The majority apparently believes that a facially neutral policy can be challenged only on the basis of its discriminatory impact. I cannot accept this conclusion. It is not inconceivable that an employer would design a facially neutral classification such as this one with an intent to exclude pregnant women from benefits provided to other employees. With a growing female workforce, employers may be increasingly reluctant to pay for costs associated with pregnancy. Regardless of how a classification appears on its face, however, an employer may not adopt it with an intent to discriminate against a protected class. I believe that plaintiff is entitled to go to trial on her disparate-treatment claim, and attempt to persuade the court that defendant’s facially neutral policy is a pretext for discrimination against pregnant women. I therefore dissent.

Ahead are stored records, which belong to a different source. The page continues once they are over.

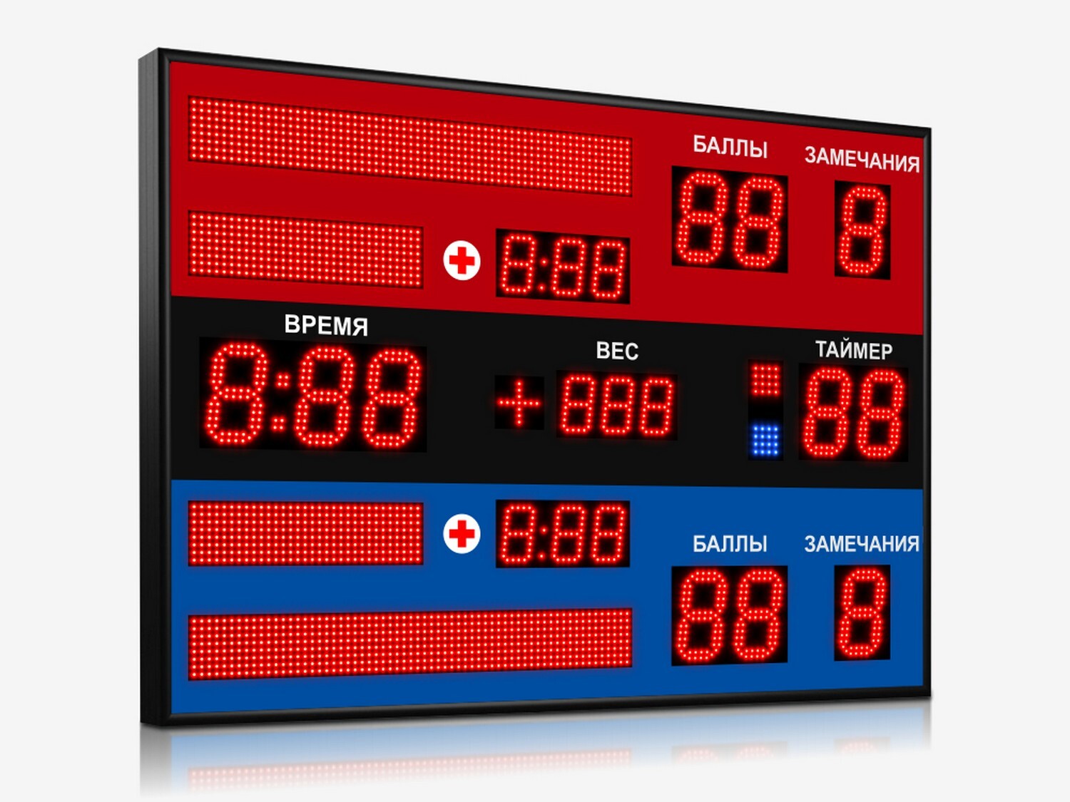 Табло воспроизводит текущие и итоговые результаты соревнований по самбо: набранные спортсменами баллы, время поединка, весовую категорию, таймер-время удержания, количество замечаний спортсменов, фамилии и названия стран спортсменов, время оказания медицинской помощи.
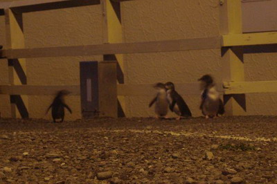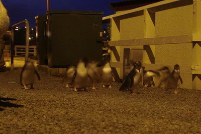 Von Timaru ging’s ab nach Oamaru der selbsternannten Hauptstadt der Pinguine. Mich würde es nicht wundern, wenn man dort sogar Klopapier mit Pinguinen kaufen kann. Die dort brütenden Pinguine wandern an einer bestimmten Stelle nach Sonnenuntergang zu ihren Nestern. Natürlich kann man das ganze Ereignis nur im Visitor-Center, von einer eigens dafür aufgestellten Tribüne und der Bezahlung von ~ 15,- Euro aus einer sicheren Entfernung beobachten, da sich die Pinguine sonst gestört fühlen. Da wir aber aus sicheren Quellen gehört haben, dass sich die Pinguine auch ohne Bezahlung zeigen, legten wir uns am Parkplatz direkt vorm Center auf die Lauer und tatsächlich watschelten sie kurz nach Sonnenuntergang über den Parkplatz. Sie liefen freiwillig direkt bei den Autos und ohne Scheu cirka einem Meter an uns vorbei (von wegen Sicherheitsabstand und gestört). Leider soll man Pinguine nicht mit Blitz fotografieren und auf Grund der langen Belichtungszeit sind die laufenden Pinguine etwas verschwommen).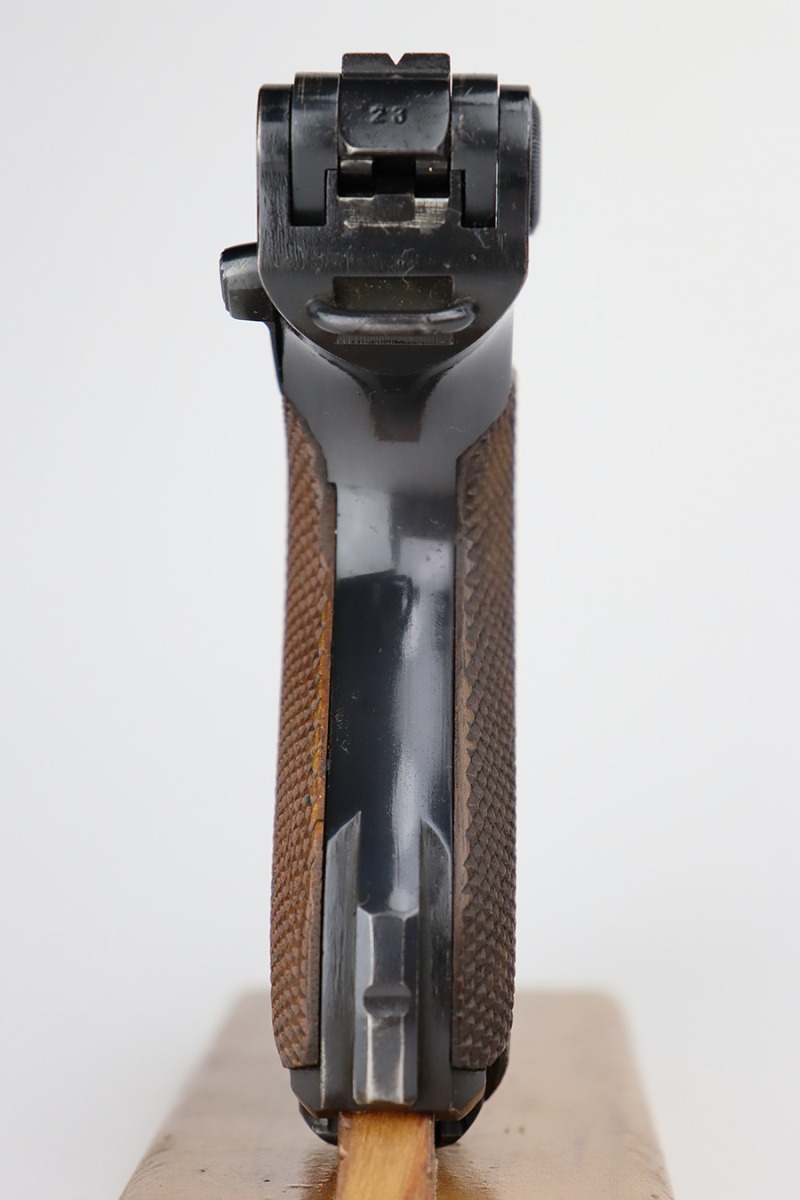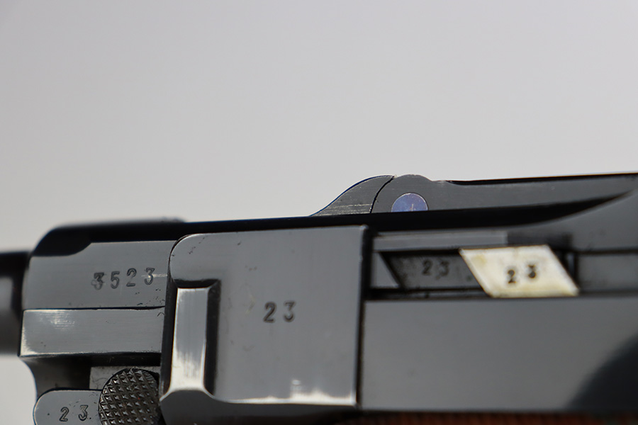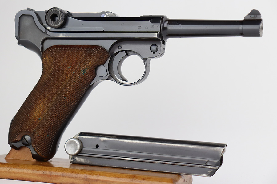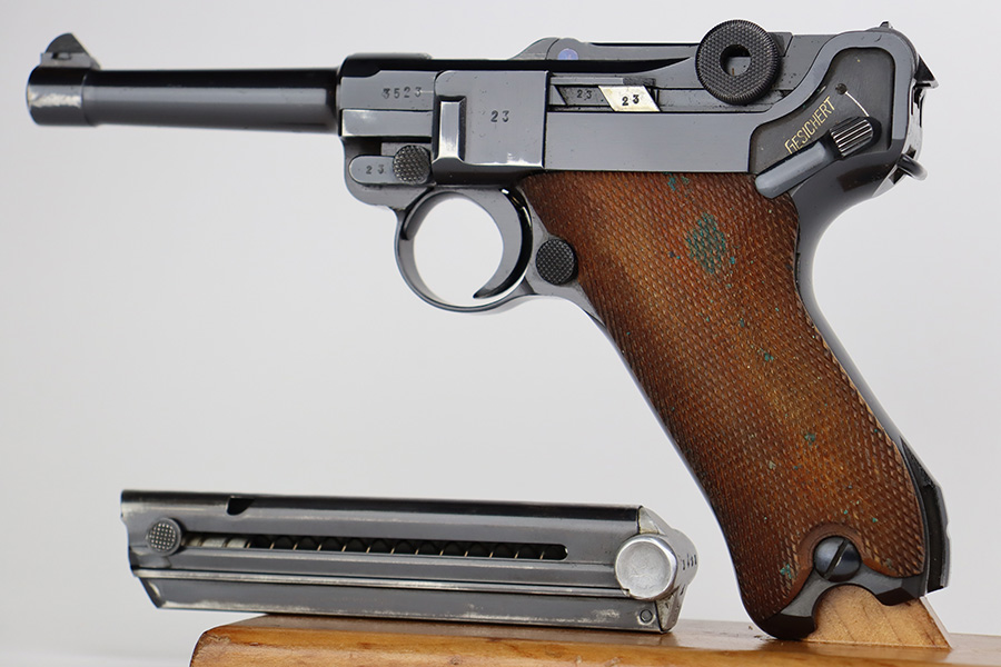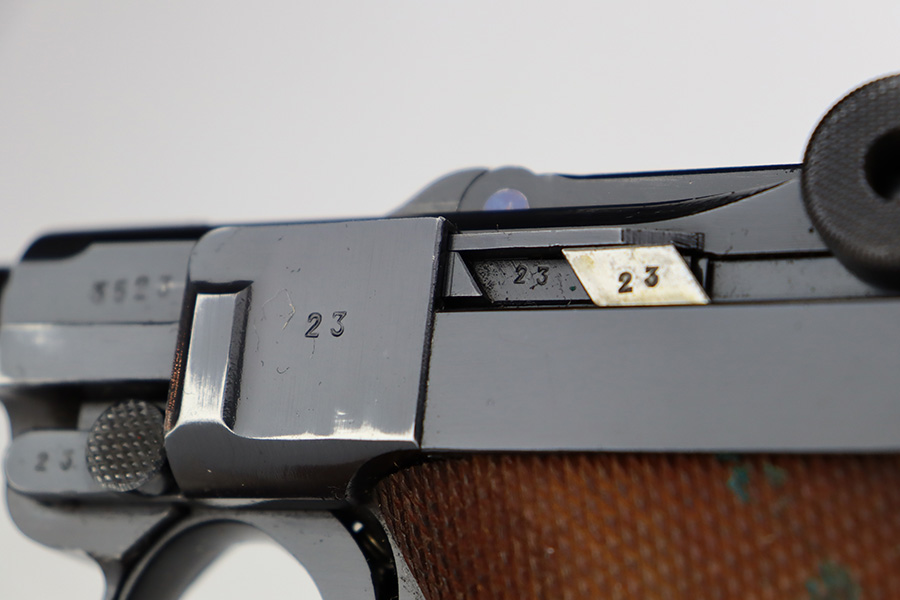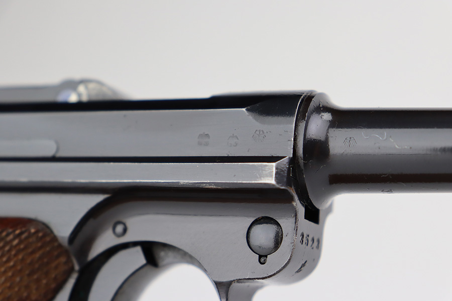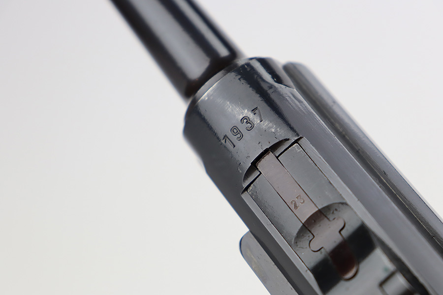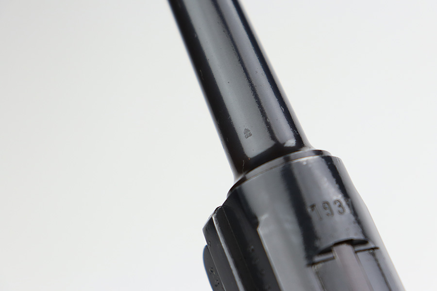 7/31/23 – This is a minty example of a Mauser Luger from 1937. Second variation example with blued small parts. All matching with the proper “Eagle 63” military acceptance proofs. About 97% of the blue remains, with very minor wear around the muzzle and on the side plate. Hints of freckling on the grip straps. Fitted with minty matching-numbered wood grips – some green verdigris here and there. Comes with a mismatched but period-correct “Eagle 63” marked magazine. The bore is shiny with strong rifling and just a few small spots of light freckling.

Although the majority refers to statutory provisions that mandate rehabilitation services for injured workers, see 21 YS.A. § 641, defendant’s policy of providing light-duty work for some employees and not for others is not based on the workers’ compensation laws. Plaintiff challenges the classification that defendant uses to award benefits beyond those required by law. A decision in plaintiff’s favor therefore would not reach the “gender consequences,” 166 Vt. at 215, 692 A.2d at 373, of the workers’ compensation laws.